Люся, однако, с какой-то непонятной мне терпимостью берет немца под мышки, немного оттаскивает и кладет рядом с Поповым.
«Пятый», — отмечаю я мысленно. Не думал, что пятым тут будет враг. А немец стонет и будто в ознобе дрожит. Девушка ловко расстегивает на его груди «молнию», на кармане мундира — черный «железный крест». Этот крест вызывает острую неприязнь к танкисту. Я срываю крест, бросаю за бруствер, потом обшариваю карманы мундира. Там множество разных книжечек, бумажек, несколько потертых писем в узеньких конвертах, сломанная авторучка и расческа в металлическом футляре.
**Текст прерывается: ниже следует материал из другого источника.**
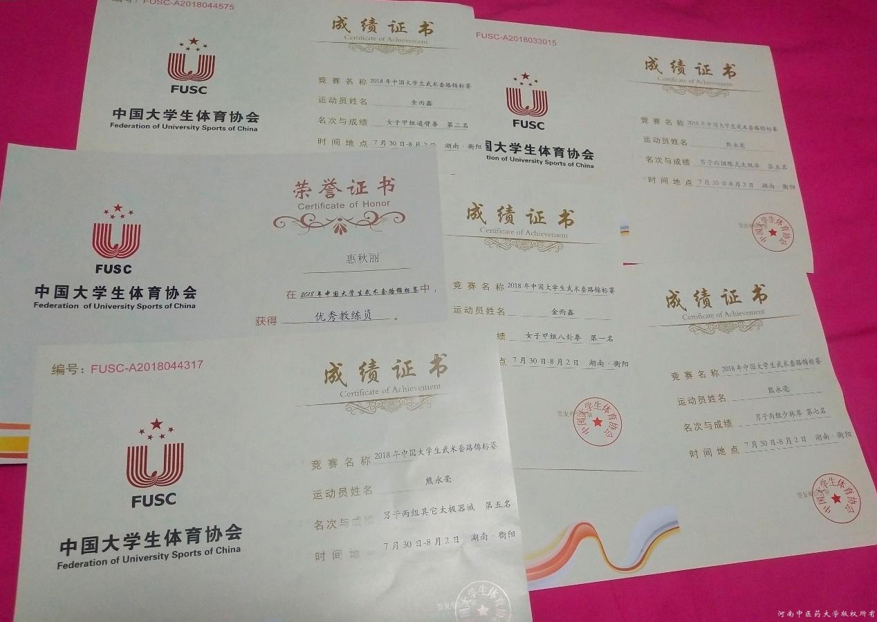 几个月来,参赛同学刻苦训练,圆满地完成了比赛任务,在全国大学生体育赛场上展现了leyu·乐鱼(中国)体育官方网站师生靓丽风采,惠秋丽老师被评为优秀教练员,为学校赢得了荣誉。(体育教研部)
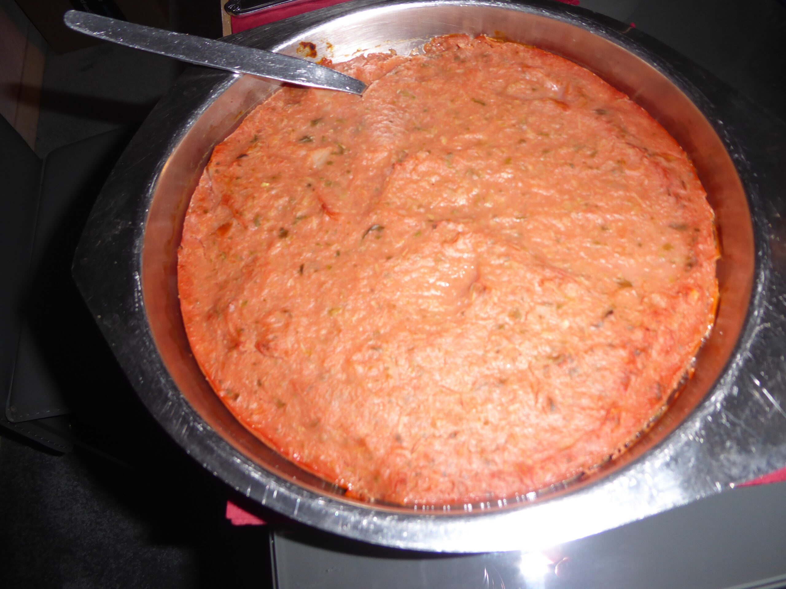 I liquidised it again until smooth. Then I tipped it into a baking dish and baked it for half an hour.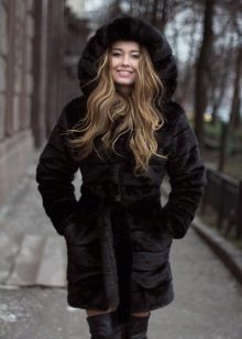 Short coat It looks fashionable and mischievous. This is a convenient model of a classic fur coat, adapted for auto-ice. Its length is not lower than the middle of the thigh. The fur coat cannot be called voluminous. Typically, the model of such a fur coat has a flared bottom.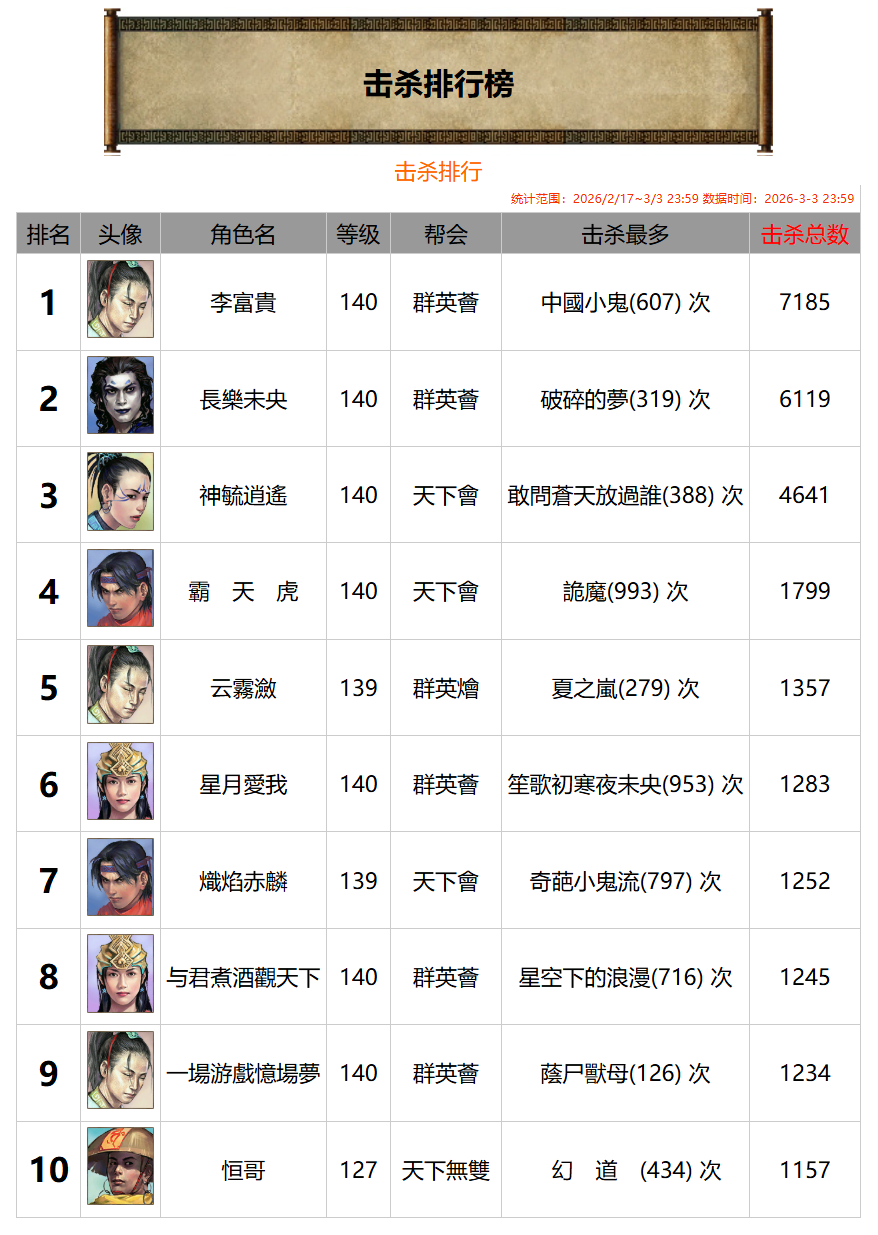 2026《新天下无双》春节专题活动“新春激战·封神榜”获奖者名单已经产生,让我们一睹大侠们的风采!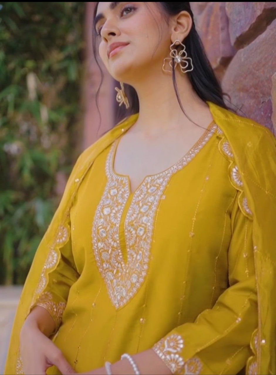 Mustard Pure Chinon Embroidery Salwar Suit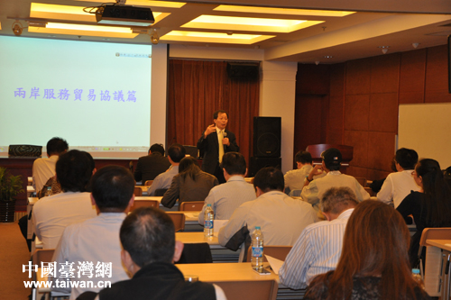 中國臺(tái)灣網(wǎng)11月4日上海消息 “兩岸服貿(mào)協(xié)議”商機(jī)在哪里?哪些產(chǎn)業(yè)臺(tái)商可以優(yōu)先進(jìn)入?臺(tái)商如何開拓大陸服務(wù)業(yè)市場?1日下午,圍繞臺(tái)商在大陸展開的經(jīng)貿(mào)實(shí)務(wù)研討交流活動(dòng)在上海臺(tái)協(xié)會(huì)舉行。來自臺(tái)灣海基會(huì)“臺(tái)商財(cái)經(jīng)法律顧問”、華信統(tǒng)領(lǐng)企業(yè)管理咨詢有限公司總經(jīng)理袁明義,就上海臺(tái)協(xié)會(huì)員企業(yè)參會(huì)代表關(guān)心關(guān)注的問題作了專題介紹,為臺(tái)商朋友提供“實(shí)務(wù)講解”。

Кажется, я хочу найти какой-то повод, чтобы оправдать свою злость, хочу увидеть в этом танкисте виновника всей нашей сегодняшней трагедии, хотя в бумажках немного поймешь — одни цифры, номера, немецкие слова, написанные неразборчивой скорописью, и всюду свастика, орлы, синие, красные печати. Но вот завернутые в целлофан снимки. На первом — улица какого-то аккуратного немецкого городка с островерхими крышами. «Грейфсвальд» — написано внизу. На втором — группа юношей на стадионе, возле переднего на траве футбольный мяч. Наверное, среди них и этот танкист. На третьем — улыбающаяся блондинка с локонами до плеч. Она довольно мила, и, если бы не слишком вздернутый нос, я бы сказал, что она красива. Четвертый снимок заставляет меня задуматься.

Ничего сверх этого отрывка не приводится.